For the reasons discussed above, Defendants' motion for
sanctions, attorneys' fees and costs, pursuant to
28 U.S.C. § 1927, will be granted in part and denied in part. Defendants'
motion will be granted with respect to certain efforts to defend
Mr. Alphonso's economic damage claim and emotional distress
claim, and denied with respect to Plaintiff's counsels' position
on the availability of Mr. Edward Logan and the taking of a de
bene esse deposition.
This Court awards Defendants sanctions in the total amount of
$24,565.00, representing $16,138.50 for the economic damage claim
and $8,426.50 for one-half of the fees incurred defending the
emotional distress claim. This sum shall be paid by Kenneth A.
Sandler, Esquire, within thirty (30) days hereof; no sanction is
imposed upon Mr. Yaskin. The accompanying Order is entered.
This matter having come before the Court upon the application
of Defendants for sanctions, attorneys' fees and costs under
28 U.S.C. § 1927; and the Court having reviewed the submissions of
the parties; and for the reasons stated in the Opinion of today's
date; and for good cause shown;
IT IS this 21st day of July, 2004 hereby
ORDERED that Defendants' motion for sanctions, attorneys' fees
and costs [Docket Item No. 64-1] be, and hereby is, GRANTED IN
PART AND DENIED IN PART; and
IT IS FURTHER ORDERED that Defendants' motion for sanctions,
attorneys' fees and costs with respect to Plaintiff's claims for
economic damages and emotional distress damages be, and hereby
is, GRANTED as against Kenneth A. Sandler, Esquire; and
IT IS FURTHER ORDERED that Defendants' motion for sanctions,
attorneys' fees and costs with respect to Plaintiff's position on
the availability of Edward Logan and his de bene esse
deposition be, and hereby is, DENIED; and
IT IS FURTHER ORDERED that Plaintiff's counsel, Kenneth A.
Sandler, Esquire, shall pay to Defendants' counsel $24,565.00
for such sanctions, attorneys' fees and costs within thirty (30)

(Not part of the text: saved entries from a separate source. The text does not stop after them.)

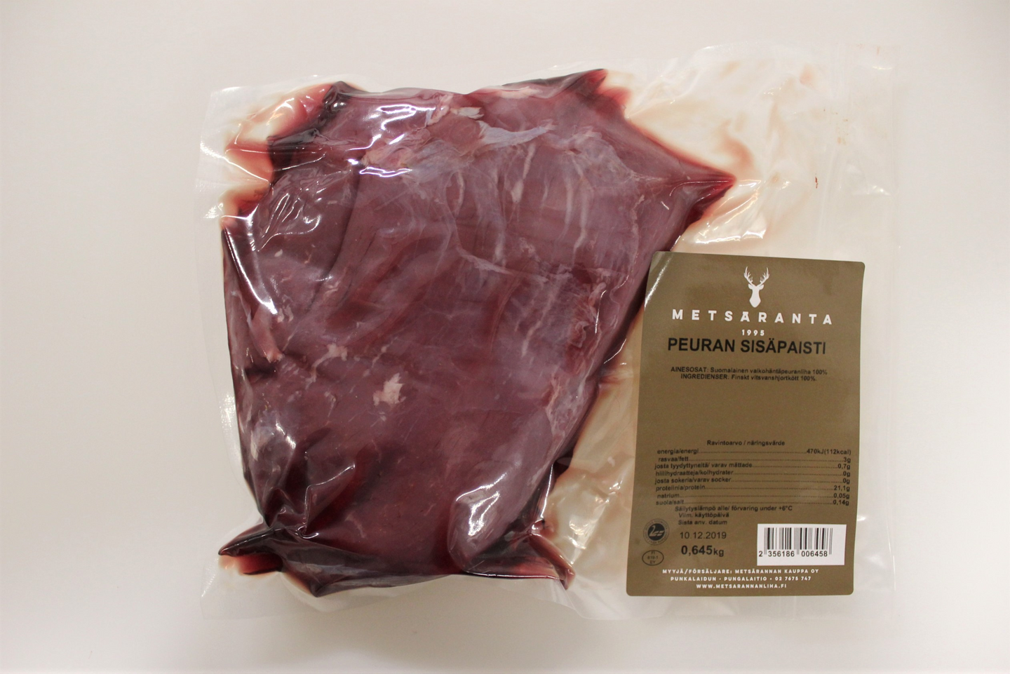 Peuran sisäpaisti, pakaste. Yksittäisen tuotteen keskimääräinen paino on 1 000 g.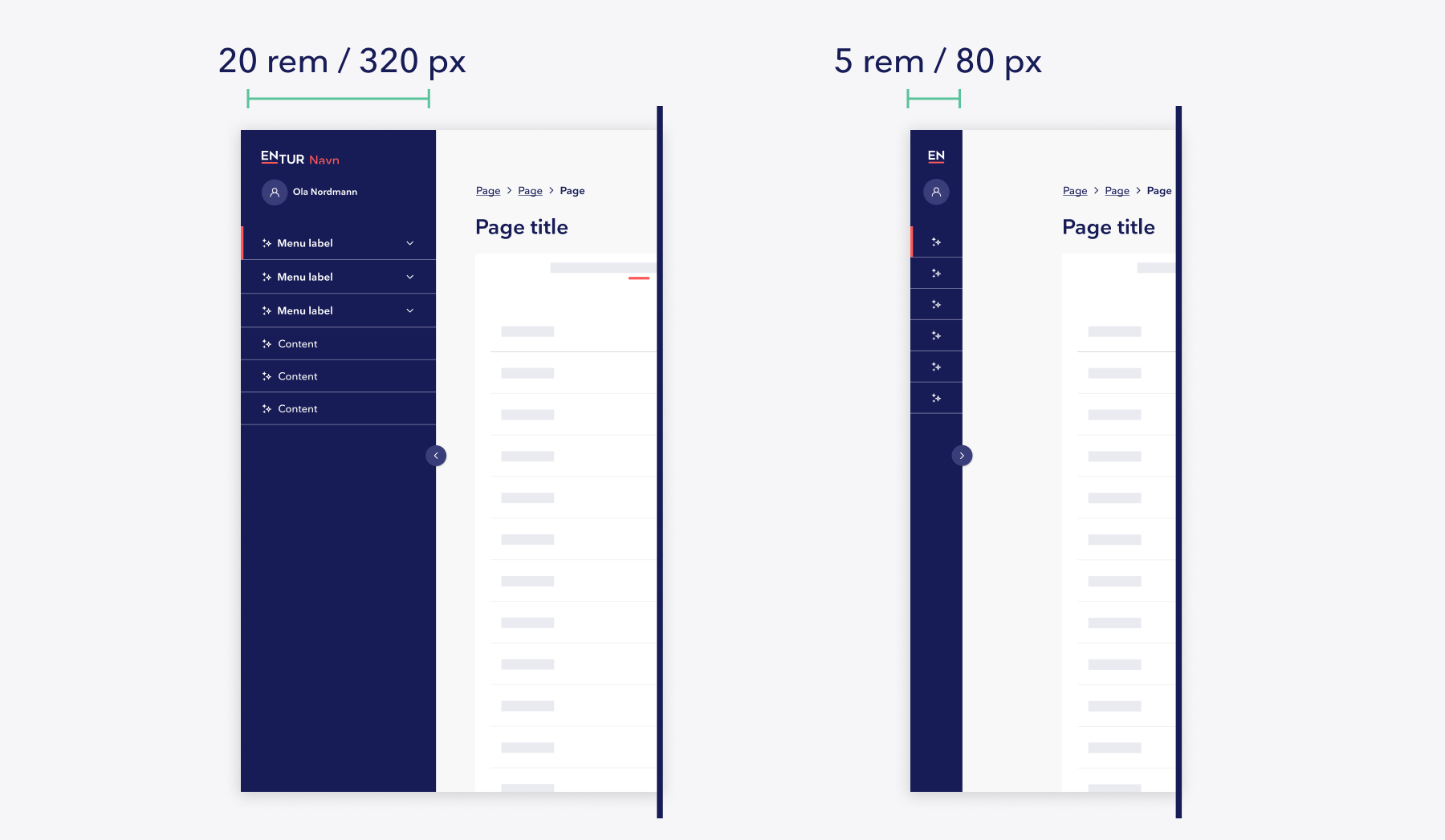 Sidebaren plasseres alltid på venstre side av skjermen og strekker seg fra toppen til bunnen av visningsområdet. Sidebaren har fast bredde og skal ikke endres per produkt. Full bredde er 320 px eller 20 rem. I kollapset tilstand er bredden 80 px eller 5 rem. Les mer om rem.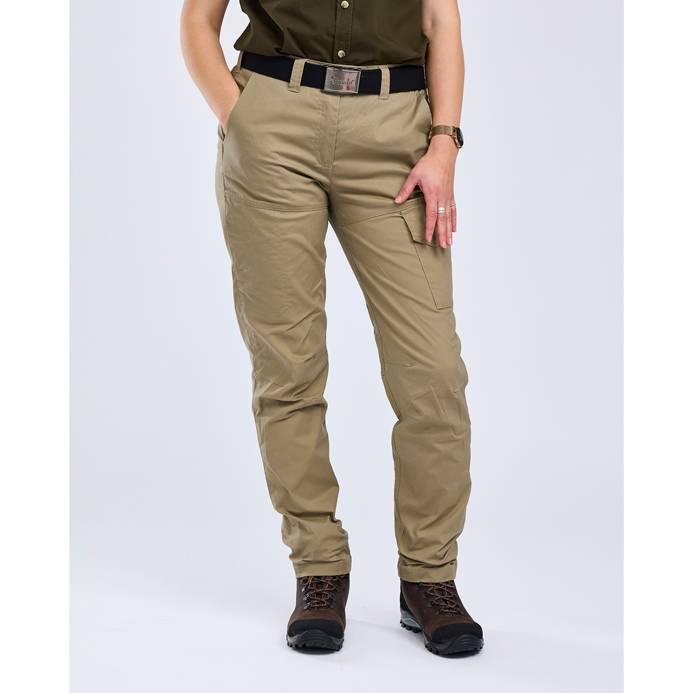 Vielseitige Allround-Damen-Hose für alltägliche Abenteuer, mit wasserabweisenden Eigenschaften und gewachstem Finish, hier steht höchster Tragekomfort im Vordergrund! Die Finnveden Outdoorhose für Damen von Pinewood überzeugt durch ihre Vielseitigkeit. Gefertigt aus TC-Gewebe mit Stretchanteil für optimalen Bequemlichkeit. Einen elastischen Dehnbund mit Gürtelschlaufen und die vorgeformten Kniebereiche gewährleistet eine gute Passform. Funktionale Taschen bieten ausreichend Stauraum, 2 seitliche Eingrifftaschen, 2 Gesäßtaschen mit Patten, 1 Längs-Reißverschlusstasche am rechten Bein und 1 Blasebalg-Tasche mit Patte und Druckknopfverschluss am linken Oberschenkel. Ein besonderes Extra: Falls zusätzliche Länge benötigt wird, kann der Saum einfach geöffnet werden, um die Hose um ca. 5cm zu verlängern. Ein unverzichtbares Must-have für Ihre Garderobe, ideal für alle Arten von Jagd- und Outdoor-Aktivitäten. Waschbar bei 40°C.

days of the date of this Order; and
IT IS FURTHER ORDERED that any application by Mr. Sandler
claiming inability to pay all or part of this sanction amount
shall be filed and served within ten (10) days hereof, under seal
if requested, or the issue of his financial inability, if any, is
deemed waived; if such application is timely filed, this Order
shall be temporarily stayed pending consideration of Defendants'
response and the Court's determination of the issue.